= GOAL OF THE EXERCISE =
Starting with the line that contains "la composizione un" and ending with the last line of the entries, repeat exactly those lines and nothing else, pictures excluded.
** DATA SHOWN follows **
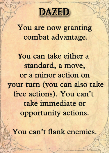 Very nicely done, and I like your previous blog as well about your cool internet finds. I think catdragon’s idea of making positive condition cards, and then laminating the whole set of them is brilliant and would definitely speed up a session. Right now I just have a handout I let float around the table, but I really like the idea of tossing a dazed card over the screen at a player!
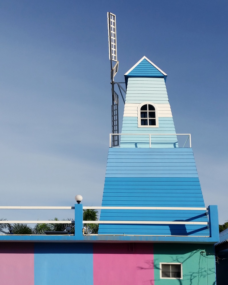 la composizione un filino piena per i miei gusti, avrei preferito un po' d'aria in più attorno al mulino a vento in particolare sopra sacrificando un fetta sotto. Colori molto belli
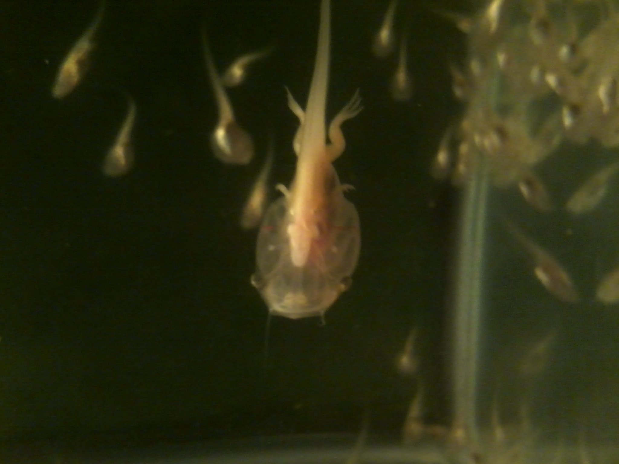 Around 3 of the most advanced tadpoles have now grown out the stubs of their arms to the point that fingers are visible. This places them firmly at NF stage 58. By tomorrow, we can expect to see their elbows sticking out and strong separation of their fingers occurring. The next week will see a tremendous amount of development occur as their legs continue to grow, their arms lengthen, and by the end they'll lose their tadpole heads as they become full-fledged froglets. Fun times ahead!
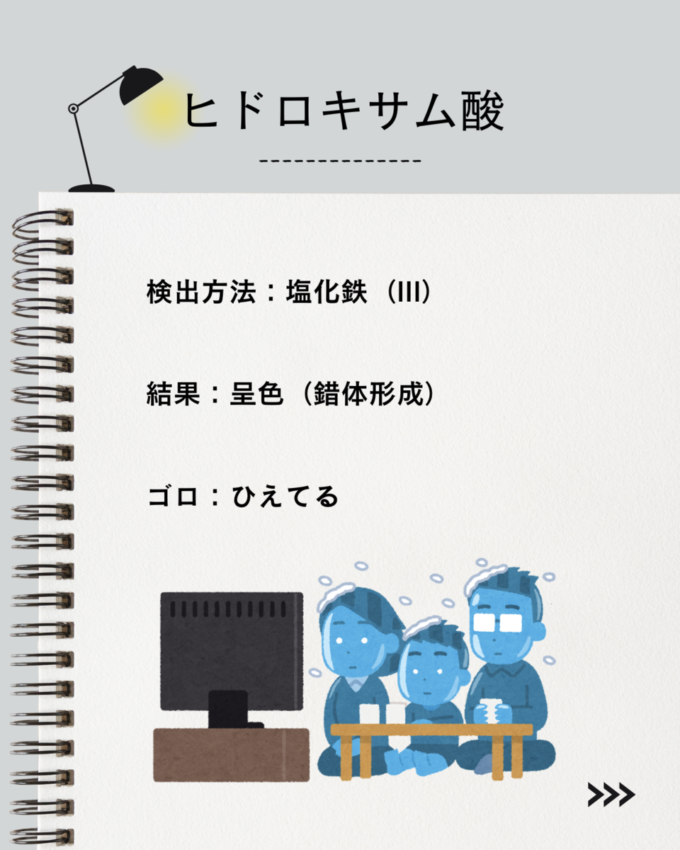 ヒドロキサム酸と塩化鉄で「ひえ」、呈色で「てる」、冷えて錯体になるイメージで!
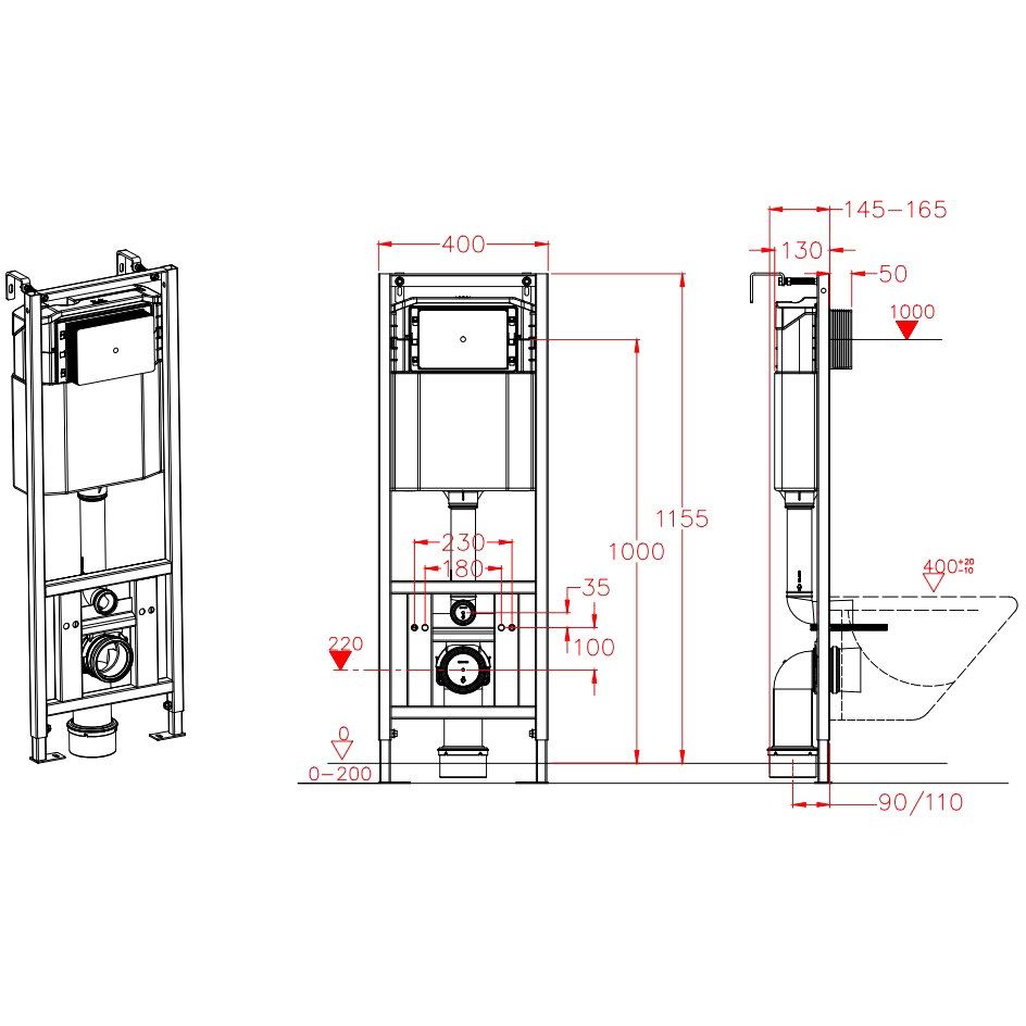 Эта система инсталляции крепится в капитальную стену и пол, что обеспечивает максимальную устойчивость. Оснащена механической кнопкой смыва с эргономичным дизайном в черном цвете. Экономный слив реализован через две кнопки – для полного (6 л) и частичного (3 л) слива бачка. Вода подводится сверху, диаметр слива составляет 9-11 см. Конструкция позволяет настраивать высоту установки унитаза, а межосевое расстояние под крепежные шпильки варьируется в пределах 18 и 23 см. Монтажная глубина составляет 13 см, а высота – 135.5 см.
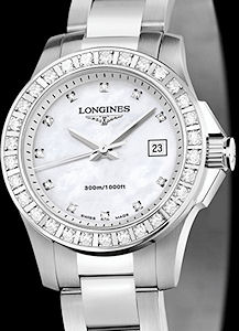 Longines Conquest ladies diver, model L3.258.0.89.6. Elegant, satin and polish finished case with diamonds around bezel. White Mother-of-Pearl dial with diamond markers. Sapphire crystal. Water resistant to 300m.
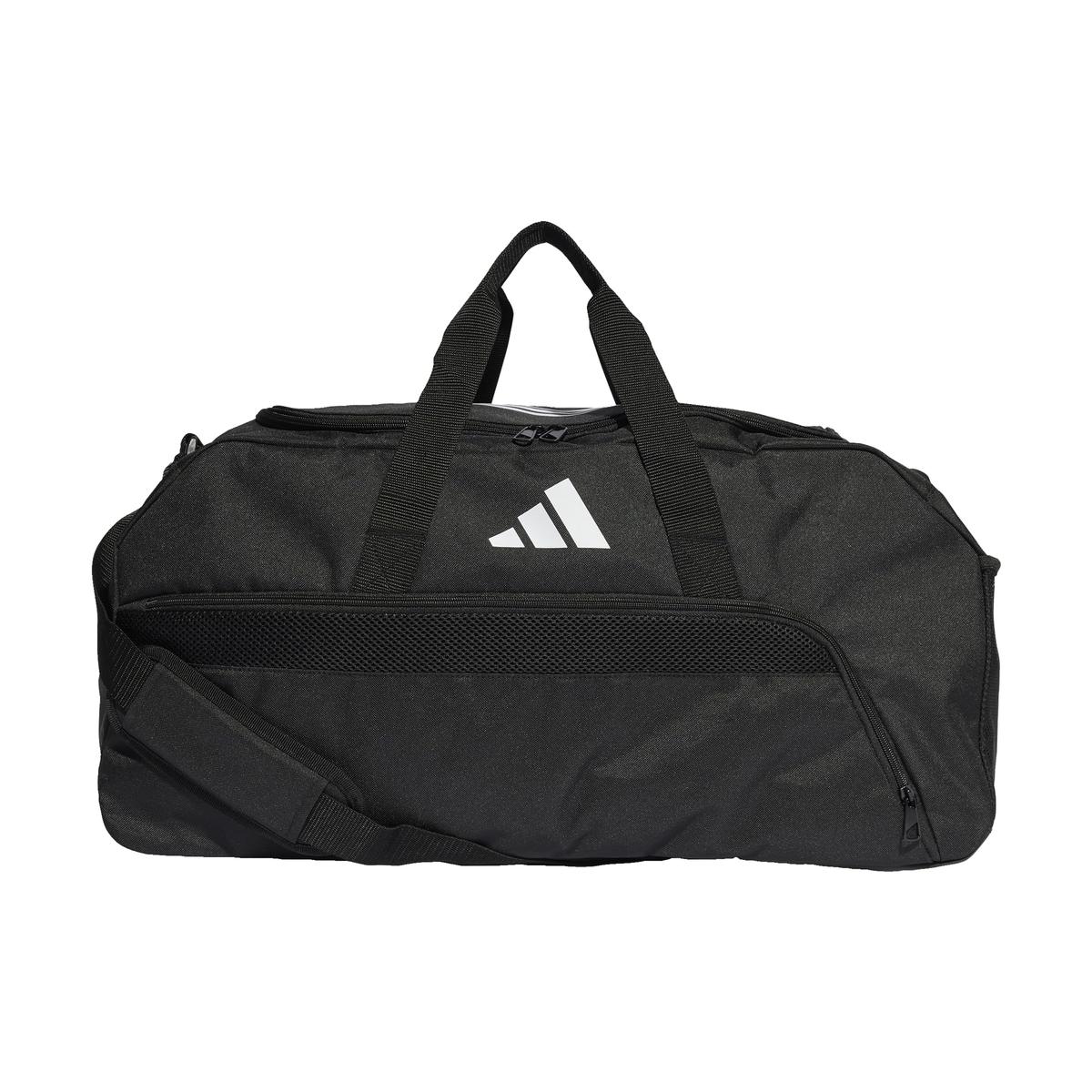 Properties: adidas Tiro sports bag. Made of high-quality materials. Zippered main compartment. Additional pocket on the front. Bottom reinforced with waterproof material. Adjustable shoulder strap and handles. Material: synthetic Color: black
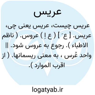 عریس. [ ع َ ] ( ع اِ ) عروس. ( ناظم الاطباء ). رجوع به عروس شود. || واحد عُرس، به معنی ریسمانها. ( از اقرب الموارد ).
** End of DATA SHOWN **
= RESPONSE =
 la composizione un filino piena per i miei gusti, avrei preferito un po' d'aria in più attorno al mulino a vento in particolare sopra sacrificando un fetta sotto. Colori molto belli
 Around 3 of the most advanced tadpoles have now grown out the stubs of their arms to the point that fingers are visible. This places them firmly at NF stage 58. By tomorrow, we can expect to see their elbows sticking out and strong separation of their fingers occurring. The next week will see a tremendous amount of development occur as their legs continue to grow, their arms lengthen, and by the end they'll lose their tadpole heads as they become full-fledged froglets. Fun times ahead!
 ヒドロキサム酸と塩化鉄で「ひえ」、呈色で「てる」、冷えて錯体になるイメージで!
 Эта система инсталляции крепится в капитальную стену и пол, что обеспечивает максимальную устойчивость. Оснащена механической кнопкой смыва с эргономичным дизайном в черном цвете. Экономный слив реализован через две кнопки – для полного (6 л) и частичного (3 л) слива бачка. Вода подводится сверху, диаметр слива составляет 9-11 см. Конструкция позволяет настраивать высоту установки унитаза, а межосевое расстояние под крепежные шпильки варьируется в пределах 18 и 23 см. Монтажная глубина составляет 13 см, а высота – 135.5 см.
 Longines Conquest ladies diver, model L3.258.0.89.6. Elegant, satin and polish finished case with diamonds around bezel. White Mother-of-Pearl dial with diamond markers. Sapphire crystal. Water resistant to 300m.
 Properties: adidas Tiro sports bag. Made of high-quality materials. Zippered main compartment. Additional pocket on the front. Bottom reinforced with waterproof material. Adjustable shoulder strap and handles. Material: synthetic Color: black
 عریس. [ ع َ ] ( ع اِ ) عروس. ( ناظم الاطباء ). رجوع به عروس شود. || واحد عُرس، به معنی ریسمانها. ( از اقرب الموارد ).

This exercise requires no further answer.